"You may have them all if you like," she said; "Christopher can gather us plenty more."
He took them carefully from the child's hand, and, bowing low, rejoined his men who were in front. He then returned, said a few words to Christopher, and with his troop retired to some distance behind us, and followed us till we were close to Erfurt, when he spurred on to my father's side, and saying rapidly, "You will be safe now, and need no further convoy," once more bowed respectfully to us, and rejoining his men, we soon lost the echo of their horse-hoofs, as they galloped back through the forest.
"What did the knight say to you, Christopher?" I asked, when we dismounted at Erfurt that evening.
"He said that part of the forest was dangerous at present, because of a feud between the knights and the burghers, and if we would allow him, he would be our escort until we came in sight of Erfurt."
"That, at least, was courteous of him," I said.
"Such courtesy as a burgher may expect of a knight," rejoined Christopher, uncompromisingly; "to insult us without provocation, and then, as a favour, exempt us from their own illegal oppressions!

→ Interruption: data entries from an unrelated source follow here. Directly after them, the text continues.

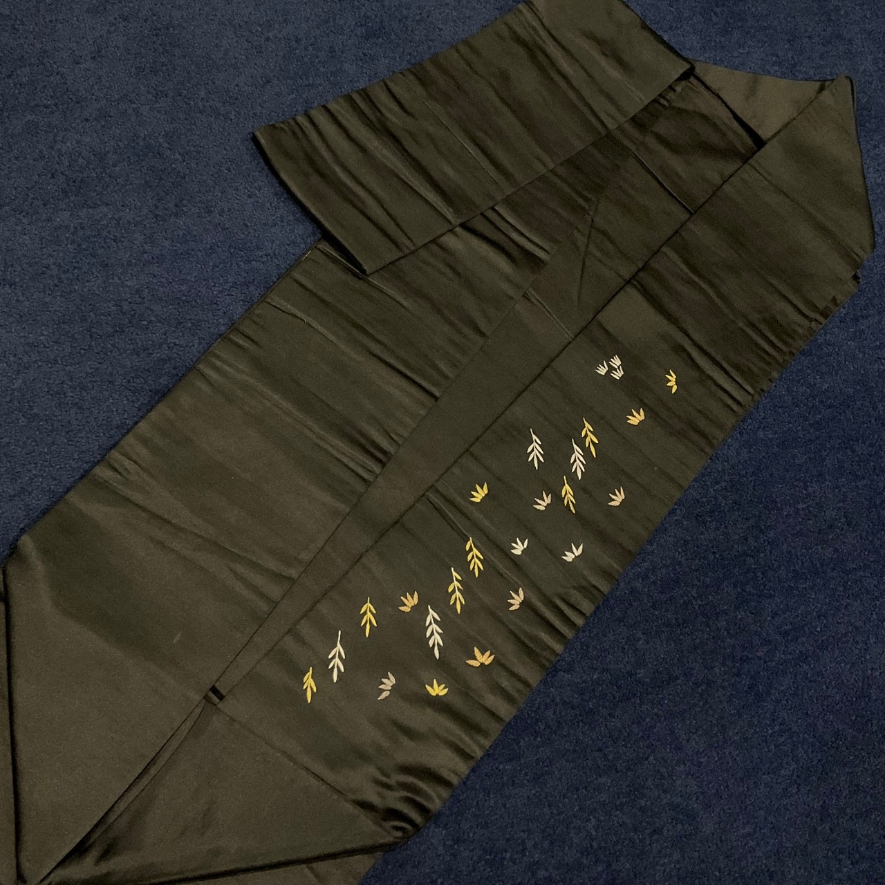 手刺繍ならではの繊細さと立体感、とろんとしっとりとした黒繻子地が、アンティークならではの上品さを醸し出していますね♡
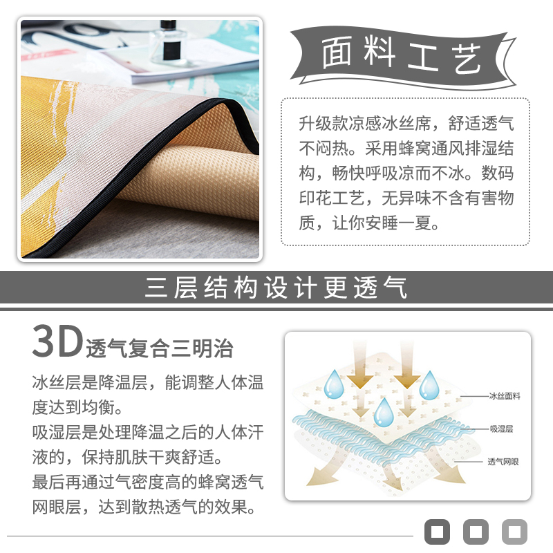 大版冰丝席凉席三件套【聚酯纤维/多彩夏日】 |
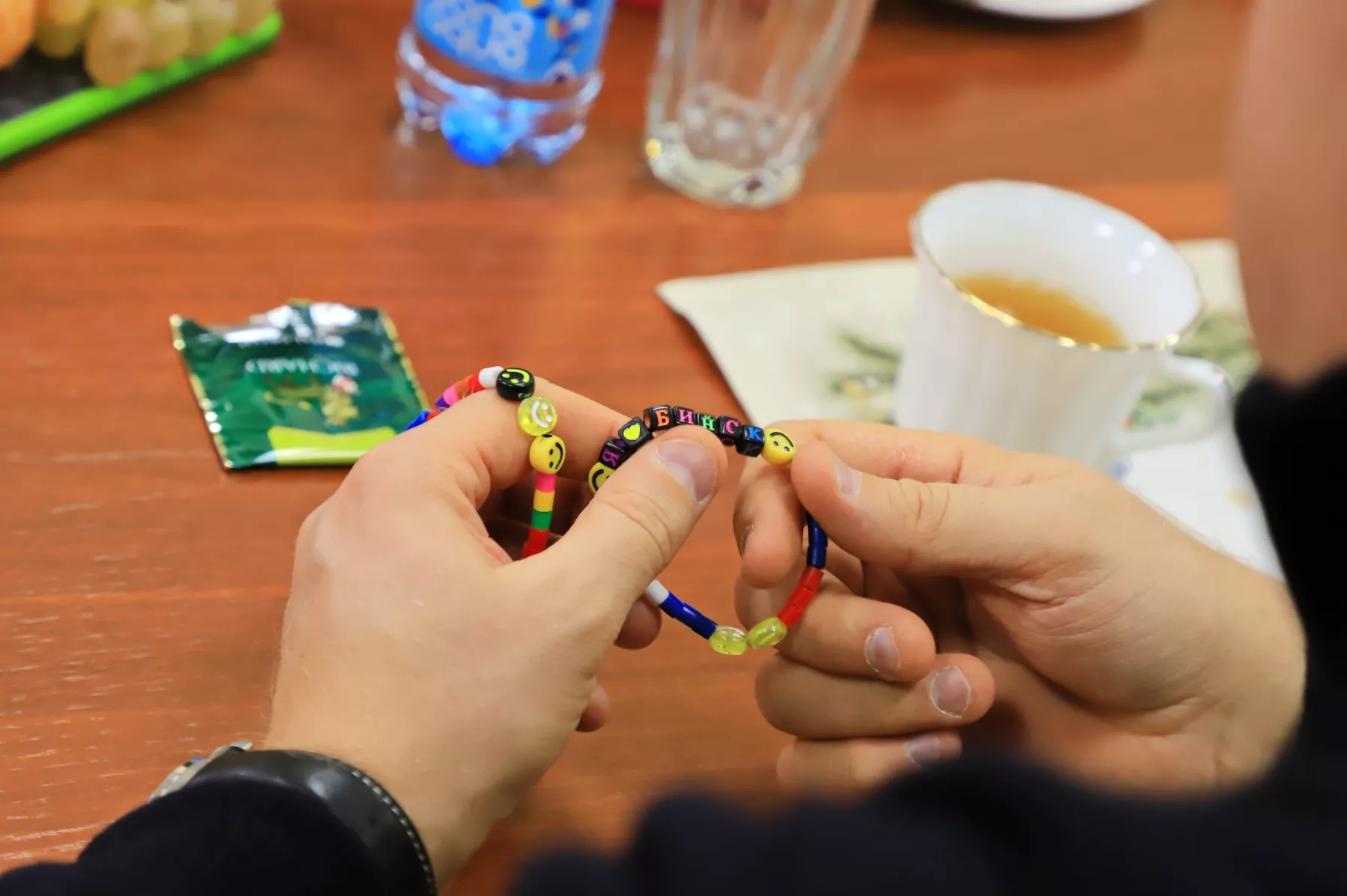 С Андреем Александровичем они сразу нашли много общих тем для разговора: обсудили компьютерные игры, учебу и даже рыбалку. Летом вся семья мальчика на Бии успешно ловит карасей, окуня и даже щуку. Михаил также рассказал, что раньше занимался кикбоксингом в «Гренаде», потом был перерыв по состоянию здоровья, и сейчас мальчик готов вернуться в любимую спортивную секцию. Кстати, у него есть еще одно необычное увлечение, Миша плетет фенечки: яркие, красивые и со смыслом. Иногда дарит их одноклассникам, иногда делает для себя или радует девчонок.

But women are always fascinated with what men on horseback do."
"No one is fascinated with any one," I replied. For it always provokes me exceedingly when that boy talks in that way about women. And our grandmother interposed,—"Don't dispute, children; if your grandfather had not been unfortunate, you would have been of the knights' order yourselves, therefore it is not for you to run down the nobles."
"I should never have been a knight," persisted Christopher, "or a priest or a robber." But it was consolatory to my grandmother and me to consider how exalted our position would have been, had it not been for certain little unfortunate hindrances. Our grandmother never admitted my father into the pedigree.
At Leipsic we left the children, while our grandmother, our mother, Eva, and I went on foot to see Aunt Agnes at the convent of Nimptschen, whither she had been transferred, some years before, from Eisenach.
We only saw her through the convent grating. But it seemed to me as if the voice, and manner, and face were entirely unchanged since that last interview when she terrified me as a child by asking me to become a sister, and abandon Fritz.